Top of Given material

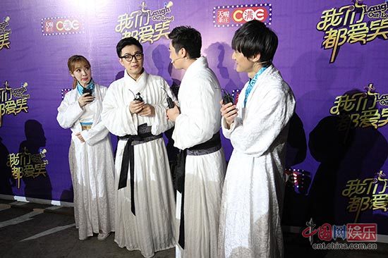 中国网娱乐6月4日讯“喜剧大咖”大鹏董成鹏来湖南卫视《我们都爱笑》踢馆啦!以前都是《我们都爱笑》固定演员班底“爱笑兄妹”客串大鹏的戏,本周四,大鹏终于来到了“爱笑兄妹”的主场——《我们都爱笑》,同来的还有大鹏自编自导自演的新电影《煎饼侠》中的女主角柳岩。“喜剧大咖”大鹏和“性感女神”柳岩的强势踢馆貌似给了“爱笑兄妹”们很大的压力,一下子乱了方阵的他们不仅多次演砸,而且还在表演过程中突起内讧,“爱笑兄妹”遭遇史上第一次解散危机。
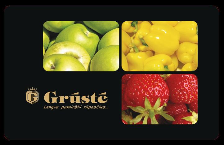Nuolaidos nesumuojamos. Nuolaidos suteikiamos kasoje. Prekių kiekis ribotas. Jeigu kainos ar kita informacija, nurodyta leidinyje, nesutampa su kainomis ar kita informacija, nurodyta prekybos vietoje – tai spaudos klaida. Prašome vadovautis kainomis, nurodytomis prekybos vietose. Daugiau informacijos svetainėje www.gruste.lt ir prekybos vietose.
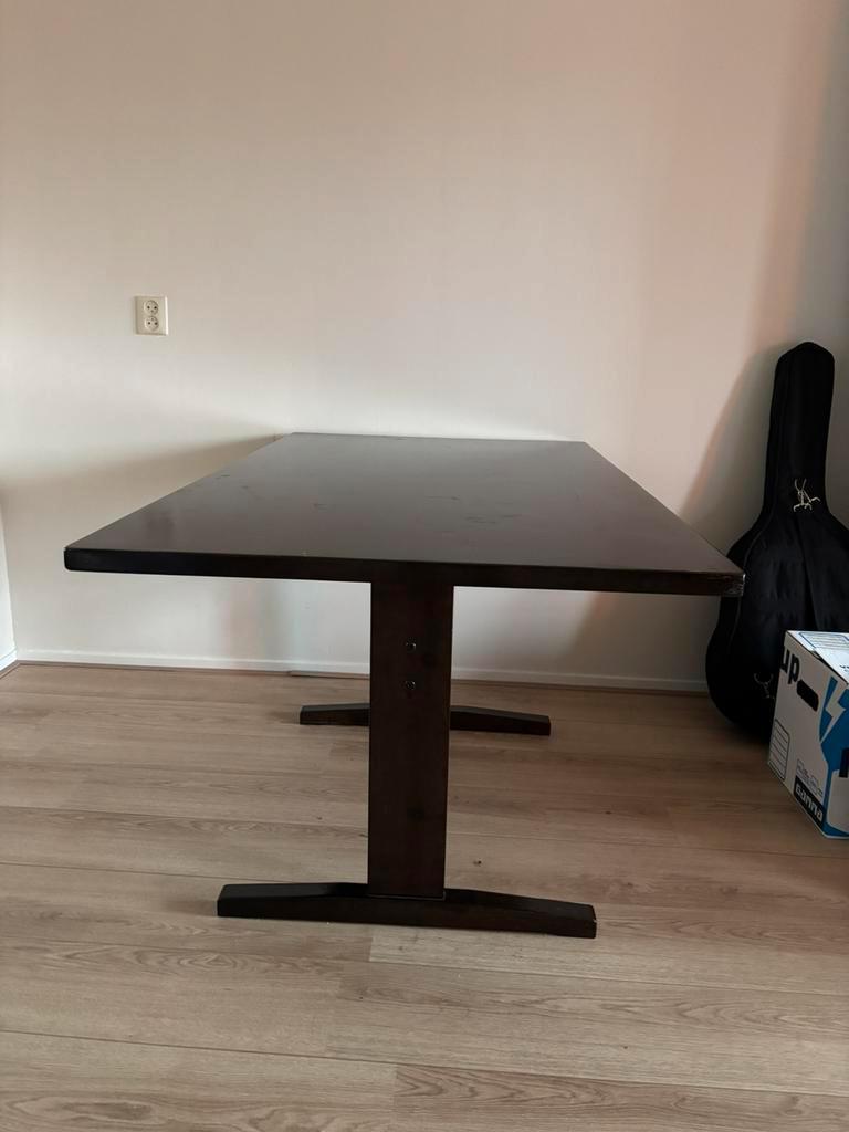 Gratis op te halen in utrecht t/m 27 februari! Eettafel van 140x80cm, geschikt voor 4 stoelen. Is zelf donkerbruin gelakt en heeft wat beschadigingen (zie foto’s). Nog heel goed te gebruiken in een st

Bottom of Given material

Exercise:
Please copy out each line above exactly as written, but not the pictures.

Output:
 中国网娱乐6月4日讯“喜剧大咖”大鹏董成鹏来湖南卫视《我们都爱笑》踢馆啦!以前都是《我们都爱笑》固定演员班底“爱笑兄妹”客串大鹏的戏,本周四,大鹏终于来到了“爱笑兄妹”的主场——《我们都爱笑》,同来的还有大鹏自编自导自演的新电影《煎饼侠》中的女主角柳岩。“喜剧大咖”大鹏和“性感女神”柳岩的强势踢馆貌似给了“爱笑兄妹”们很大的压力,一下子乱了方阵的他们不仅多次演砸,而且还在表演过程中突起内讧,“爱笑兄妹”遭遇史上第一次解散危机。
Nuolaidos nesumuojamos. Nuolaidos suteikiamos kasoje. Prekių kiekis ribotas. Jeigu kainos ar kita informacija, nurodyta leidinyje, nesutampa su kainomis ar kita informacija, nurodyta prekybos vietoje – tai spaudos klaida. Prašome vadovautis kainomis, nurodytomis prekybos vietose. Daugiau informacijos svetainėje www.gruste.lt ir prekybos vietose.
 Gratis op te halen in utrecht t/m 27 februari! Eettafel van 140x80cm, geschikt voor 4 stoelen. Is zelf donkerbruin gelakt en heeft wat beschadigingen (zie foto’s). Nog heel goed te gebruiken in een st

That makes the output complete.